Early on in Canada Charlie wore his hair long so that he could return to China. He had a wife and children there and returned a handful of times with a long absence until 1938. On this year, when he went for the last time to end his days in peace, he was not able to find his family - they had been scattered during unrest.
People say he died there of a broken heart and his soul came back to wander in Canada.
To me he is handsome, tall, remembering everything of his children's eyes, his days hammering steel in the mountains, the waves of the Pacific Ocean - right out in the middle of it, no one around but a lonely ship in the wind. He might sit in the light of a Prairie evening, listening to the grass in the Bow Valley moving, looking over East to see the faint outline of the Sweetgrass hills, a sacred place where so many other spirits roam.

(information collected by Georgeen Barrass from an interview with Mr. and Mrs. Hoschka, Calgary in Salt of the Earth by Heather Robertson, 1974)

4 comments:
His eyes!
Earlier this year I flew up along the rocky mountains towards Grande Prairie. One on side was the flat prairie, and on the other the mountains. Roads and settlements spread wide across the prairies until the foothills, which began scattering them a little (though seismic lines and oil sites demonstrated clear signs of Western infrastructure), and then the giant rocks brought it all to a standstill. I watched that vast expanse, and the longer I studied it the more it felt like I was witnessing the birth of Alberta in my mind. I saw it as a land that could stand up for itself, and that would inevitably leave a mark on all who touched it.
I'm not sure where I'm going with that. I wonder how Charlie Yuen felt about this place. Did he love it, hate it, tolerate it, or not really think about it.
Whenever I've met some old true blue Westerners who experienced the West before the Canadian infrastructure spilled out over EVERYTHING, I feel like they're holding onto some incommunicable secret. One old guy I know talks about dirt roads with only horses able to take people to Edmonton. He might've been telling me an "uphill both ways" tale, but there was a hint of sadness in his memory. There's always a sadness when we look at the past, isn't there? For me, at least, there is.
That was really interesting. You sited your source, but was this tribute in your own words? It was very well written.
While I read this, I got Gordon Lightfoot's "Canadian Railroad Trilogy" stuck in my head for some reason. If you haven't heard it before, you should check it out: http://www.youtube.com/watch?v=0d7arwcIPBo&feature=related
Charlie Yuen looked like a very approachable, kind hearted man. Not the type I would normally associate with the cut-throat railway business back then.
Matt = part of what you're saying makes me feel sadness, right in my chest and head. I wonder too, how did Yuen feel about the place? It's hard to believe he thought much of it, given the hardships he would have faced. Still, there is something unique about the sky and the way the land bursts out of itself that draws a person in.

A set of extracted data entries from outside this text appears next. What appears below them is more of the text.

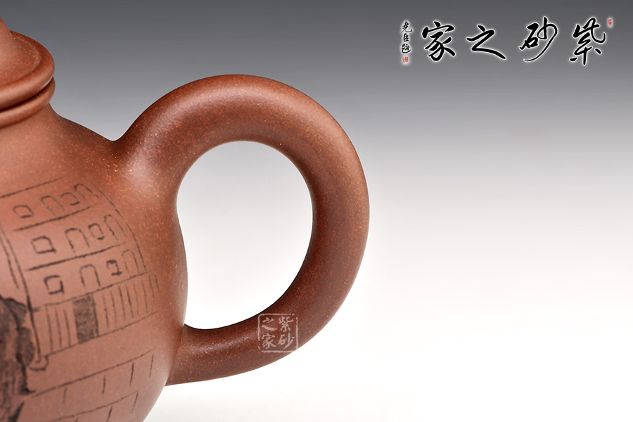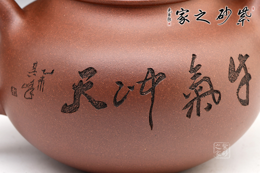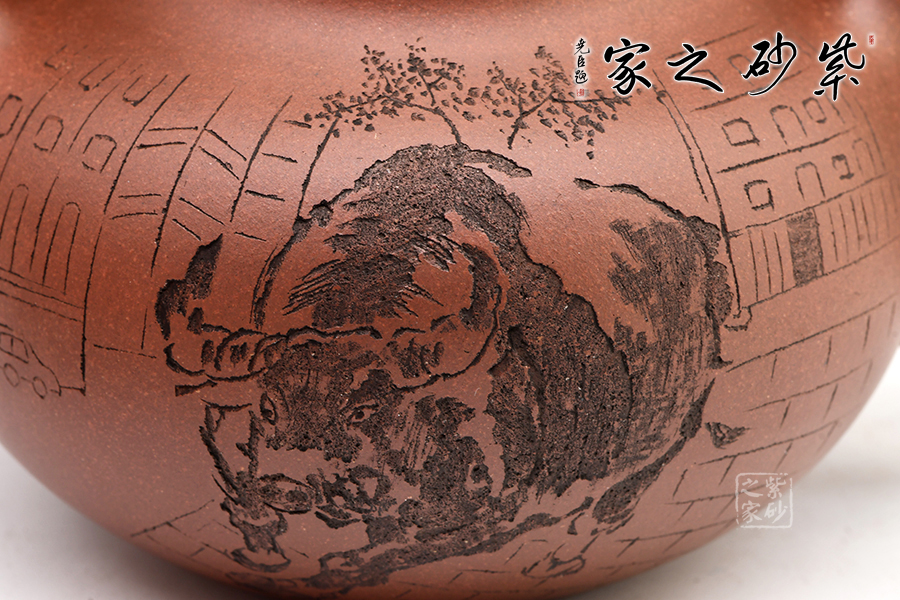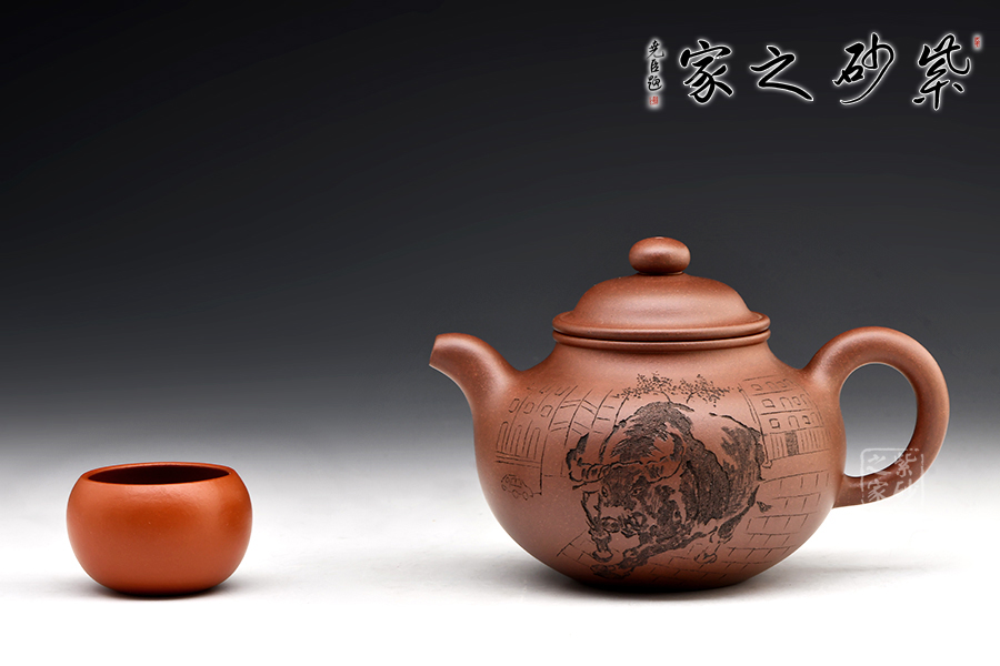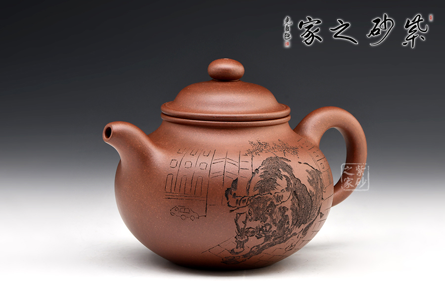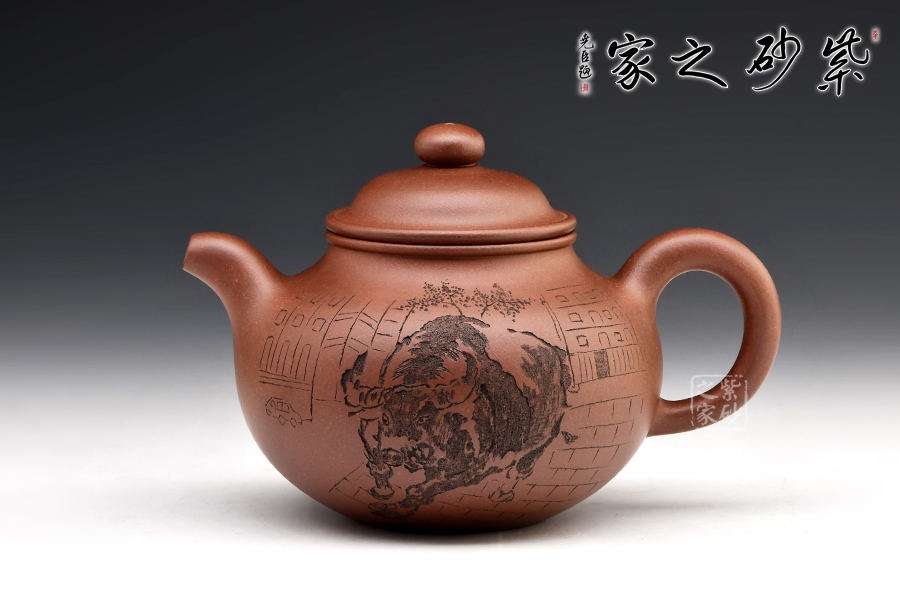 掇球壺是一種經典的傳統(tǒng)器型,幾乎每個藝人都制作過。一彎流,耳形把,壓蓋高凸,珠形鈕,壺身的斗牛四腳朝前,蓄勢待發(fā),象征著積極進取、勤勞致富。有牛氣沖天,扭轉乾坤之意。
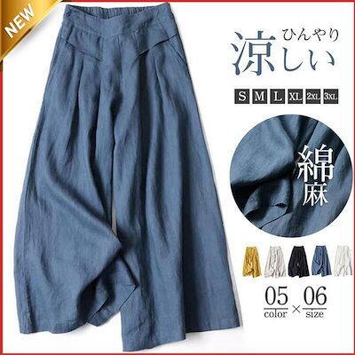 (さくらショップ1!)ワイドパンツ レディース パンツ チノパン リネン バギーパンツ ガウチョパンツ ズボン ロング ワイドパンツルック 綿麻 大きいサイズ リラックス
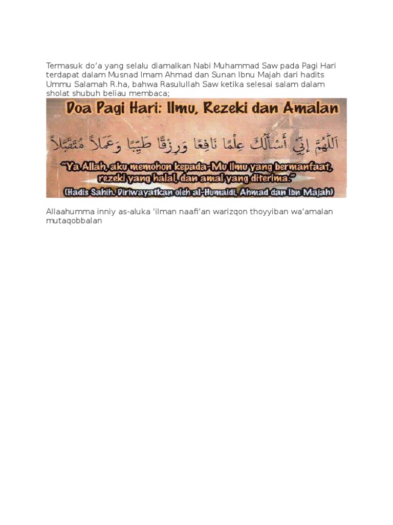 Doa pagi hari yang diajarkan rasulullah sallallahu alaihi wa sallam saw merupakan kebaikan besar yang terlalaikan. Allhm eny asalk aalma nafaaa orzka tyba oaamla. Termasuk doa yang selalu diamalkan nabi muhammad saw pada pagi hari yaitu yang terdapat dalam musnad imam ahmad dan sunan ibnu majah dari hadits ummu salamah rha bahwa rasulullah saw ketika selesai salam dalam sholat shubuh beliau membaca.
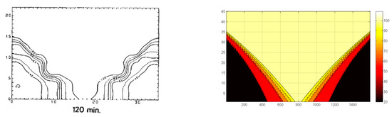 Equation (A6) from the first case and Equation (A8) from the latter have similar general forms. In both, the temperature gradient is inversely proportional to the heat penetration. Therefore, Butler assumed that the real equation for heat penetration depth lies between these two cases, so this premise leads to the following equation:
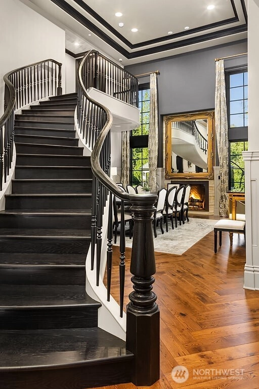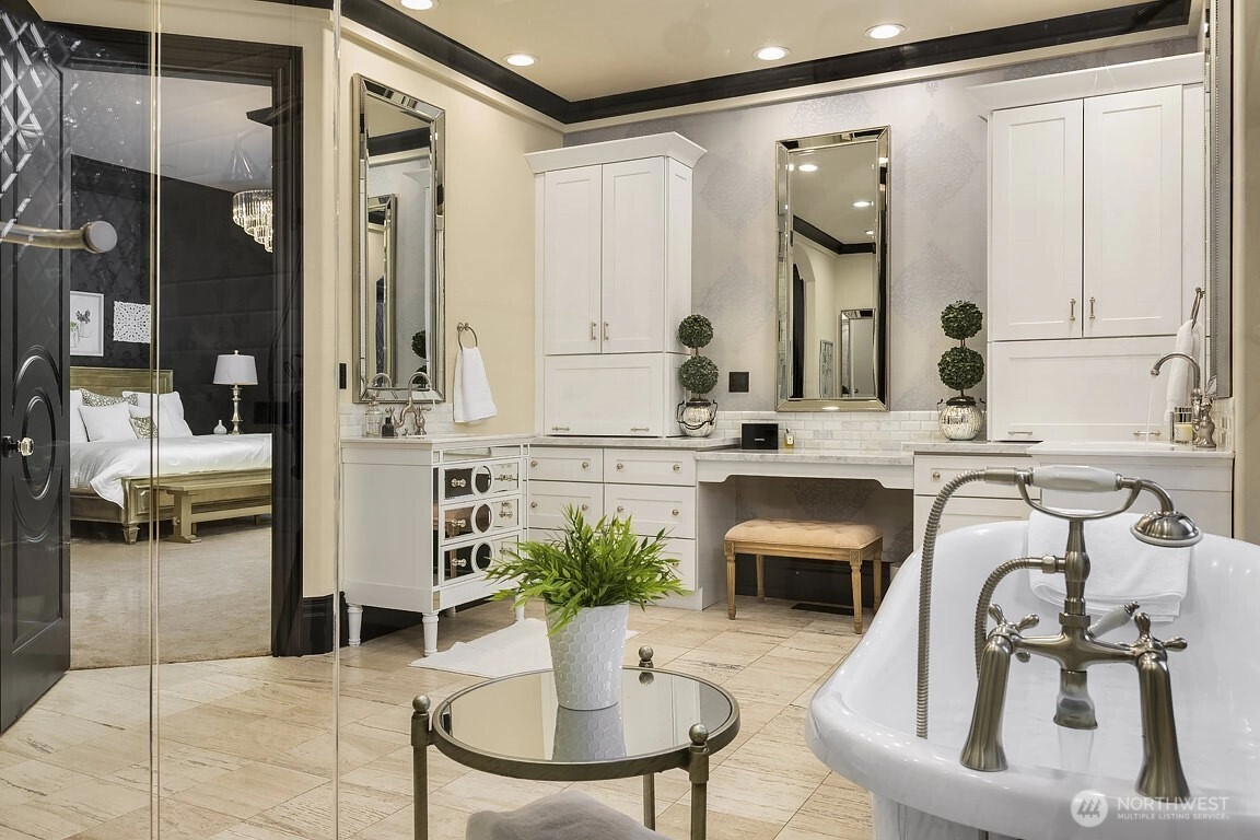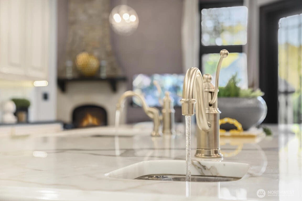 This gated, private Estate blends refined craftsmanship with modern elegance. Granite façade, leaded glass entry, and Renaissance water feature create grand first impression. Inside, soaring ceilings, curved floating staircase, herringbone hardwoods, and striking millwork define luxurious living. Primary spa bath w/Grecian marble shower, clawfoot tub, and heated travertine floors. Chef’s kitchen w/Calacatta marble island, mother-of-pearl backsplash, and Bertazzoni gas range extends to breathtaking grounds. Seamless indoor/outdoor flow to entertainment terrace, firepit, heated pool, pool house bath, and stone cabana. Moments from Woodinville’s top schools and wine country, this Estate offers elevated living in a truly exceptional setting.

The past does seem to have a air of misfortune, or something pulling it a little to the dark. Maybe it's that we know they are all dead and gone, all wrongs set in stone, no longer available for righting.
David - I was surprised when I found out he'd worked on the railway as well. But the Chinese workers were all treated horribly, and died in huge numbers, so he probably wasn't one of the "bad" guys along the line. It seems to me that he would have been barely surviving, and getting a stagecoach ride out of the pass, West to the Bow Valley would have been a god send. It's hard to imagine him living in squalor, but it probably was the case.
I did write up this entry, using sources for the factual information. Thanks for the compliment on my style.
Thanks for the recommend. I'll have to give it a listen.
PH, and I forgot to include the sources of the photographs...
Portrait of Charlie Yuen - Glenbow Museum archives
Photograph of Kicking Horse Pass - Peel's Prairie Provinces image archives
Thank you for introducing me to a man that I had never crossed paths with before. A very fascinating tale and written in the most exquisite manner. Indeed, he is a striking and handsome man. He has the face of a man who would have been a friend and a safe one at that. I believe six feet tall for someone of Chinese origin, especially during that era, may be extraordinary. His independent spirit really shines through. I believe he really connected with the land and could really hear its moanings and groanings and voice and song. I wish the photo would have shown his long beautiful queue. The loss of his family absolutely likely broke his heart. I know, there is truly such a thing. I love the idea of a part of his spirit roaming the Sweetgrass Hills. They truly are a magical spiritual place and a fitting resting place for such an appealing soul.